Die Körperhaltung ist die durch das Zusammenwirken von Muskeln, Bändern und Knochen bedingte Stellung des menschlichen Körpers.Sie lässt sich als ein dynamisches Muster definieren, welches aus verschiedenen Faktoren, nämlich Reflexen, Gewohnheiten, adaptiven Reaktionen auf die Schwerkraft, abnormale Anatomie, Arbeitshaltungen und sportlichen Anforderungen gebildet wird. Die Art, wie wir sitzen, stehen und laufen, ist die stärkste Gewohnheit die wir haben. Sie ist zugleich tief mit unserer Persönlichkeit und der Kultur bzw. Religion, in der wir leben, verwurzelt. Ausserdem gibt die Haltung auch immer etwas über die persönliche Verfassung einer Person preis, wie z.B. ob man glücklich vs. traurig, mutig vs. ängstlich, antriebslos vs. verkrampft oder unterwürfig vs. dominant ist. Sie erfüllt also auch immer einen sozialen und emotionalen Zweck. So lässt sich eine aufrechte Haltung mit einem mutigen Auftreten in Verbindung bringen. Das mutige Auftreten kann wiederum, durch die Änderung des Hormonspiegels, für eine Schmerzlinderung sorgen und zu mehr Kraft verleihen (Bohns and Wiltermuth 2012).

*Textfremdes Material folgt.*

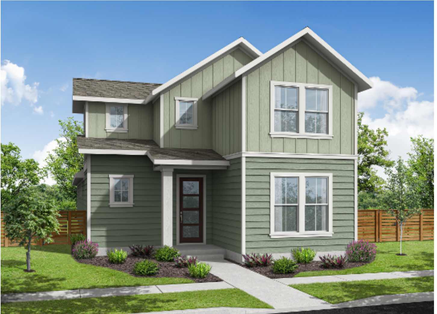
ELEVATION A - 1670 SQ.FT.

Häufig wird eine «gute Haltung» als eine Position definiert, in der am wenigsten Stress auf Gelenke, unterstützenden Muskeln und Bänder während Bewegungen und belastenden Aktivitäten kommt.

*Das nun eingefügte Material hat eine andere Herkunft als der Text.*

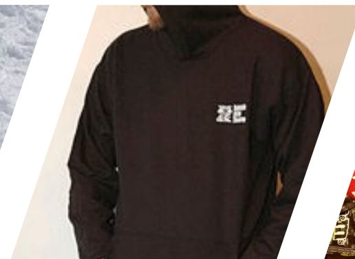
Dark/Black Outfit for Glownite
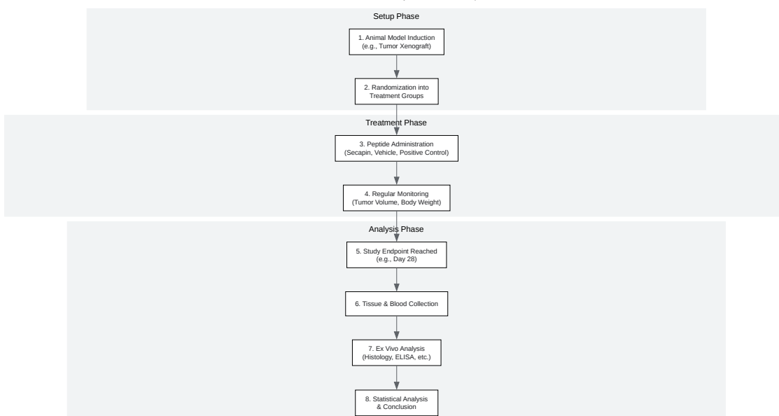
Generalized In Vivo Efficacy Workflow for Secapin
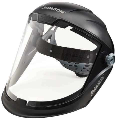
JACKSON MAXVIEW™ PREMIUM FACE SHIELD JET-14200 $28.00
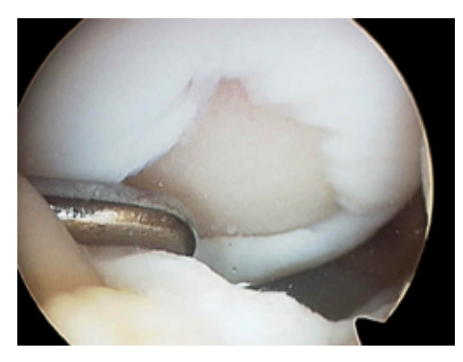
Figure 1 Full thickness articular cartilage lesion on the femoral condyle of the knee, exposing the subchondral bone plate

The OATS procedure is currently the only procedure that restores the normal hyaline articular cartilage to the injured knee. Microfracture and

Wie wichtig ist die Haltung und warum bzw. wann sollte man sie überhaupt verändern?

Fängt es an irgendeiner Stelle unseres Körpers an zu zwicken, so ist es ganz normal, dass wir nach Gründen dafür suchen. Die Haltung ist dabei schnell im Fokus, da sie jeder kennt und sie von aussen schnell beurteilt und gemessen werden kann. Obendrein existieren einige Mythen darüber, woran «schlechte Haltung» alles schuld sein kann. Eines der Bekanntesten ist, dass eine krumme Haltung automatisch zu Rückenschmerzen führt. Doch in wissenschaftlichen Studien konnte bislang kein signifikanter Zusammenhang zwischen Schmerzen und der Haltung bewiesen werden. «Ironically, the factors that we have historically thought to be important predictors of LBP, such as "poor" spinal posture, scoliosis, carrying school bags, joint hypermobility, and poor back muscle endurance, are not strong predictors.” (O’Sullivan et al. 2017) Stattdessen haben sichdas weibliche Geschlecht, negative Überzeugungen, Genetik,Schlafmangel, Stress, Depression, niedriger Bildungsstand, Unzufriedenheit im Job und Ganzkörpervibrationen als signifikante Risikofaktoren für Rückenschmerzen herausgestellt.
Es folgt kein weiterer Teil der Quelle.